# For Equal Rights, Muslim Women’s Meeting Turns to Islam (Malaysia) -NY Times



## Yrys (16 Feb 2009)

In Quest for Equal Rights, Muslim Women’s Meeting Turns to Islam’s Tenets, NY Times

KUALA LUMPUR, Malaysia — The religious order banning women from dressing 
like tomboys was bad enough. But the fatwa by this country’s leading clerics 
against yoga was the last straw.

“They have never even done yoga,” said Zainah Anwar, a founder of a Malaysian 
women’s rights group called Sisters in Islam. Ms. Anwar argues that the edict, 
issued late last year by the National Fatwa Council of Malaysia, is pure patriarchy. 
Islam, she says, is only a cover.

It was frustrations like those that drew several hundred Muslim women to a 
conference in this Muslim-majority country over the weekend. Their mission was to 
come up with ways to demand equal rights for women. And their tools, however 
unlikely, were the tenets of Islam itself.

“Secular feminism has fulfilled its historical role, but it has nothing more to give us,” 
said Ziba Mir-Hosseini, an Iranian anthropologist who has been helping to formulate 
some of the arguments. “The challenge we face now is theological.”

The advocates came from 47 countries to participate in the project, called Musawah, 
the Arabic word for equality. They spent the weekend brainstorming and learning the 
best Islamic arguments to take back to their own societies as defenses against clerics 
who insist that women’s lives are dictated by men’s strict interpretations of Islam.
“We are trying to develop a new language, offer it to the world and use it,” said Marwa 
Sharafeldin, an activist from Egypt.

Ms. Anwar, the main organizer, said her group was almost alone when she started it 
20 years ago, but now it is one of many. “It’s a movement whose time has come.”

The repression comes not from the Koran, the women argue, but from the human 
interpretation of it, in the form of Islamic law, which has ossified over the centuries 
while their globalized lives have galloped ahead.
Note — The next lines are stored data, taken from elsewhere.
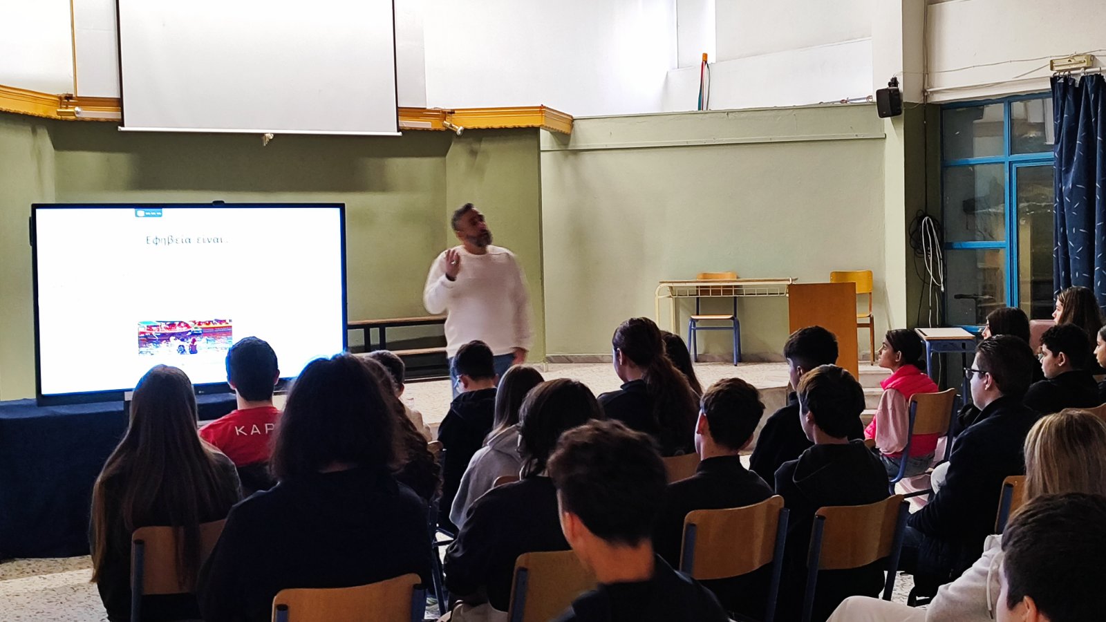 Οι επαγγελματίες υγείας μίλησαν στους μαθητές και στις μαθήτριες για τις αλλαγές που συντελούνται στο σώμα τους την περίοδο της εφηβείας, την πρόληψη και την αντιμετώπιση σεξουαλικά μεταδιδόμενων νοσημάτων και την πιθανότητα ανεπιθύμητης εγκυμοσύνης. Στη συνέχεια οι μαθητές και μαθήτριες έθεσαν επώνυμα και ανώνυμα όποιες απορίες είχαν.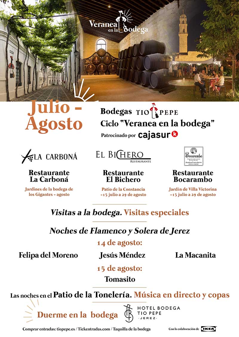 Es posible veranear en la bodega con la propuesta que González Byass ofrece para disfrutar del mundo del vino y la gastronomía en cada uno de sus mágicos rincones. “Veranea en la bodega” brinda, durante los meses de julio y agosto, vivencias innovadoras y diferentes en las que se alargarán las noches con catas magistrales, visitas especiales y música en directo. Como broche final, se podrá dormir en el Hotel Bodega Tío Pepe. Además, contará con importantes y tradicionales restauradores de la comarca que ofrecerán experiencias gastronómicas en los patios, jardines, bodegas y calles emparradas de González Byass.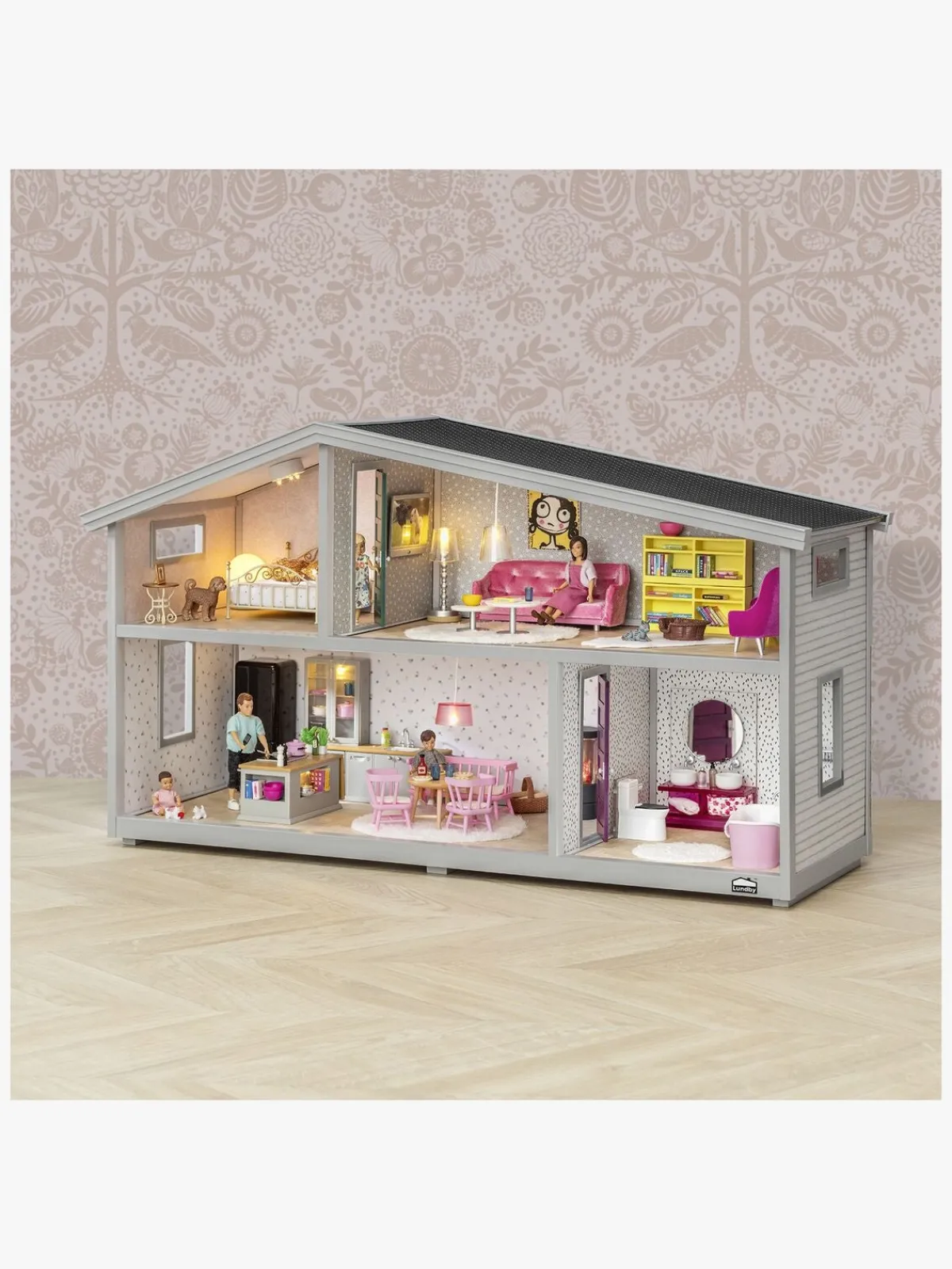 Væggen bagerst kan tages væk, så du kan lege fra både for- og bagsiden. Du kan desuden tilbygge huset med dukkehusmoduler fra Lundby Room – så er der plads til hele din dukkehusfamilie!

So they are going back to the original 
text, arguing that its emphasis on justice makes the case for equality.

“Feminist Islamic scholarship is trying to unearth the facts that were there,” Ms. 
Mir-Hosseini told a room of eager activists Sunday. “We can’t be afraid to look at legal 
tradition critically.” She referred to the work of Muslim intellectuals, like Nasr Abu Zayd 
of Egypt and Abdolkarim Soroush of Iran, reformers who argue that the Koran must be 
read in a historical context, and that laws derived from it can change with the times. 
Their ideas are controversial, and both are in exile in the West.

Ms. Mir-Hosseini argues that Muslim societies are trapped in a battle between two 
visions of Islam: one legalistic and absolutist that emphasizes the past; the other 
pluralistic and more inclined toward democracy. She said that in Iran reformers were 
gaining ground, but that President Bush’s antagonism toward the country ended up 
strengthening hard-liners there. “It’s really a struggle between two world views,” she said, 
adding that time was on the side of the women.

It was the rise of political Islam that brought the women together. As Malaysia’s progressive 
family laws began to be rolled back in the late 1980s, Ms. Anwar and several other women 
formed a Koran reading group. “There is an understanding that mullahs know best, that you 
cannot speak,” Ms. Anwar said. “Muslim women’s groups are coming out to challenge that 
authority.”

Some scholars argued that the effort sounded unrealistic and would have no impact, mainly 
because it appeared to ignore more than a thousand years of Islamic legal scholarship and 
practice. Religious authorities are the only ones with the power to interpret laws, and 
circumventing that well-entrenched system would require replacing it altogether.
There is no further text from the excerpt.